Nicholas consults his friends about the looming threat to his "true love", marrying Marie-Edwige. His friends offer advice and plot to separate Isabelle and Nicholas. They tell him that he must tarnish his family's reputation in front of Isabelle's parents, which happens by circumstance (Granny wanting to go to the casino). Meanwhile, Nicholas' dad is having nightmares of his boss, Mr. Moucheboume, and colleagues laughing at a postcard he sent. He later writes and puts in a mailbox a letter of resignation. However, he later gets a call from Moucheboume, who has big plans for him. This changes Nicolas' dad's mind, and after failing to retrieve the letter from the mailbox, he sets it all on fire.

Nicholas and his friends even contemplate putting vipers on their beds to drive them out of there. After a close encounter with the viper, they connect the water supply and sewage line in the shower so the shower will have sewage coming out of it. Isabelle walks in on Nicholas guarding her door as the boys do the job. He gets frightened and bolts, then Isabelle walks up to him in an enclosed space and gives him Marie-Edwige's bracelet (which Nicholas lost a few days ago). The two then start chatting and get to know each other well. His interest for Isabelle grows. When the boys find out, they are unhappy and disappointed, until Isabelle shows what she can do and becomes their friend. Later, Mrs Bernique's shower incident forces them to almost leave. The boys then sabotage their car to extend their stay.

One day on the beach, Massimo Massini, a very loud and obnoxious movie producer from Italy, is filming a movie on the beach, angering the vacationers. In a fit of anger, Nicholas' mother marches up to Massini and yells at him in public to stop being so inconsiderate to everyone else; this act is well received by the other vacationers. To apologize, Massini sends his assistant to invite Nicolas's parents to a party he is throwing at a club. There, Nicholas' mother dances with Massini and Nicholas' dad is kicked out of the club by security.

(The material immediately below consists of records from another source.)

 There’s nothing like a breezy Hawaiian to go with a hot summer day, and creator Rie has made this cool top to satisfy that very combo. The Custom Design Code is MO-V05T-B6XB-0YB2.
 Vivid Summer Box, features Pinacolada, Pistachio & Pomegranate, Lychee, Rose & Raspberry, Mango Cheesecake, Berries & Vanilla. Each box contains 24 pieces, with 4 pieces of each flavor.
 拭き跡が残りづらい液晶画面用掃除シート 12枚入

Isabelle takes her dad's chequebook from the coat, which forces them to stay even longer. Her father thinks it is Nicholas' dad who stole it (due to Nick's aforementioned lie about the family), though he later finds out this is not the case after patting down his pockets in an awkward manner. Nicholas' mother walks down the beach to have become a sort of local celebrity; she is interviewed and Nicholas' dad is pushed away. Nicholas and Isabelle decide to run away to an old fortress, as the former writes a letter explaining this to Marie-Edwige. At night, there is a masked party, which Nicholas and Isabelle use as a distraction to get to the fortress, which is filled with explosives that they shift aside.

Back at the party, Nicholas' dad finds a letter that his son wrote to him about running away, and Mr Bernique finds a similar one from Isabelle. Côme unintentionally gives away the location of the two, and a search party is sent out to the fortress. Massini takes Nicholas' mother to his car, while Nicholas' dad misses the search party leaving and goes by bike. Then when it crashes, he finds a tractor, with which he crushes Massini's parked car until it gets stuck.

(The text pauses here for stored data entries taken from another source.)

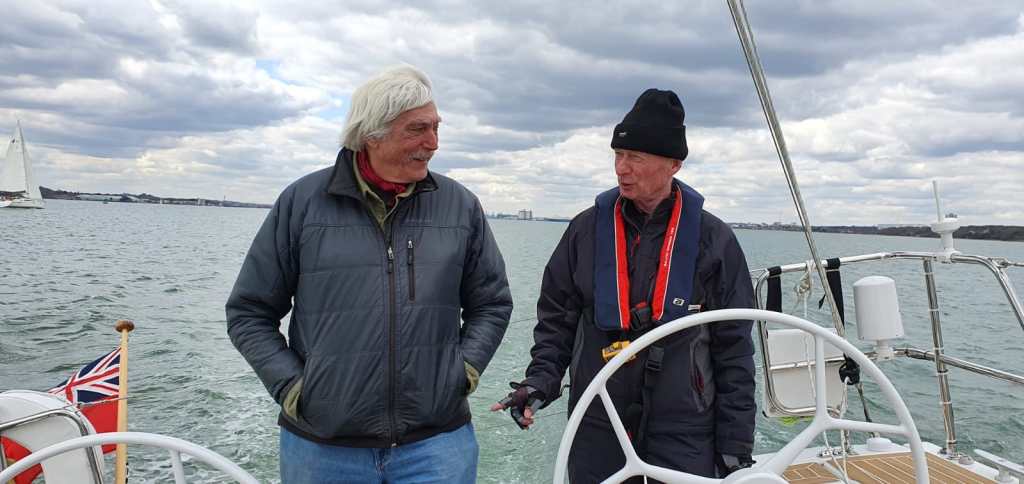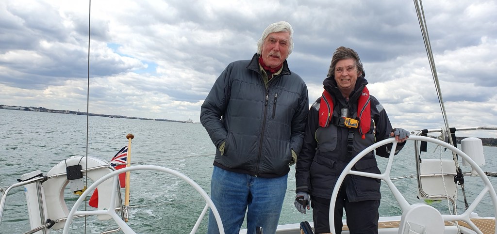 It would be fair to say it was not a warm day! Wrapped up in coats and gloves at the Gaff Rigger for coffee before we started and a bacon butty shared between us put us both in a more optimistic mood! Departing with Tom went well with a reverse out and no paint scratched. The day was spent in Southampton Water adjusting sails, playing with the reefing system, tacking and gybing. Lunch was as they might say in Yorkshire, a grand affair on one of the pontoons in the Hamble. A Gillian special of an all in one pot of beef stew – probably has a much posher name than that – but it satisfied us all as stories were swapped down below. We did discover 3 things; winches were underpowered which required much luffing up to get the mainsail with the right tension, the ‘German’ main sheet has been mounted on the boom too far forward and the friction in the in-mast reefing could not be winched out from the cockpit. So…….. as I explained to Gillian not the gadgets I was wanting to buy were completely vanity projects! We returned home that night somewhat exhausted despite a short days sailing.
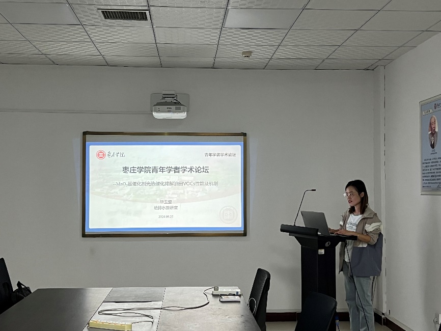 毕玉玺博士做了题为“MnO2基催化剂光热催化降解VOCs性能及机制”的学术报告。毕博士的研究以油田VOCs排放为背景,指出VOCs对人体健康和生态环境均有严重的危害,且油田中占比较大的烷烃类VOCs中,丙烷由于其稳定的结构最不易被降解。因此探究如何能高效低能耗地降解丙烷,在油田VOCs处理中具有重要意义。在报告中,毕博士介绍了α-MnO2在光热催化氧化体系中对丙烷的催化降解性能及光热协同作用机制。然后以α-MnO2为基体材料,分别以提升热催化性能和光催化性能为导向,基于催化剂表面酸化处理和同质节构建的改性方式,成功制备了丙烷催化活性增强的MnO2基催化剂,并探究了不同改性方式对丙烷活性增强的影响及机制。通过与现有催化剂对丙烷降解性能的对比可知,本研究制备了一系列高性能催化剂,对油田VOCs的高效低能处理奠定了理论基础。
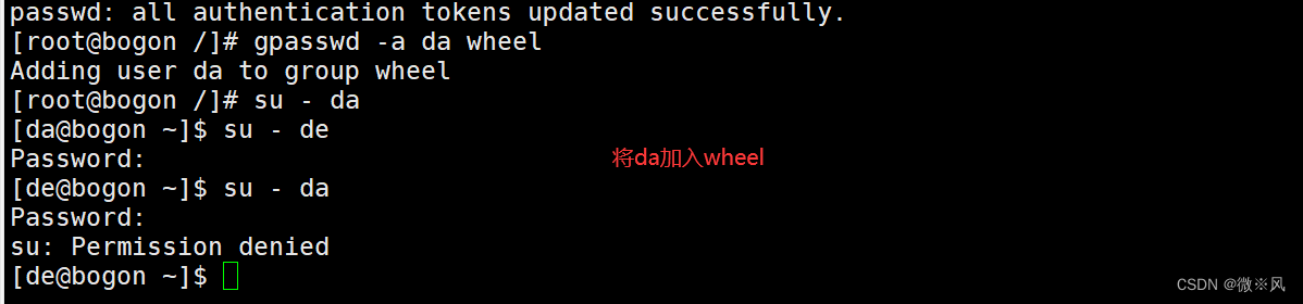 例如: su - boge gpasswd -a boge wheel

Nicholas and Isabelle decide to go back to the hotel. As they leave, a shelf holding an explosive collapses, triggering an explosion that demolishes the entire fortress. In the forest, a hunter spots Massini in a gorilla suit, mistaking him for a Bigfoot-like creature, and shoots at him, to no avail. The search party finds where the original fortress was, albeit with nothing left. They head back to the hotel to find Nicholas and Isabelle asleep in front of a TV.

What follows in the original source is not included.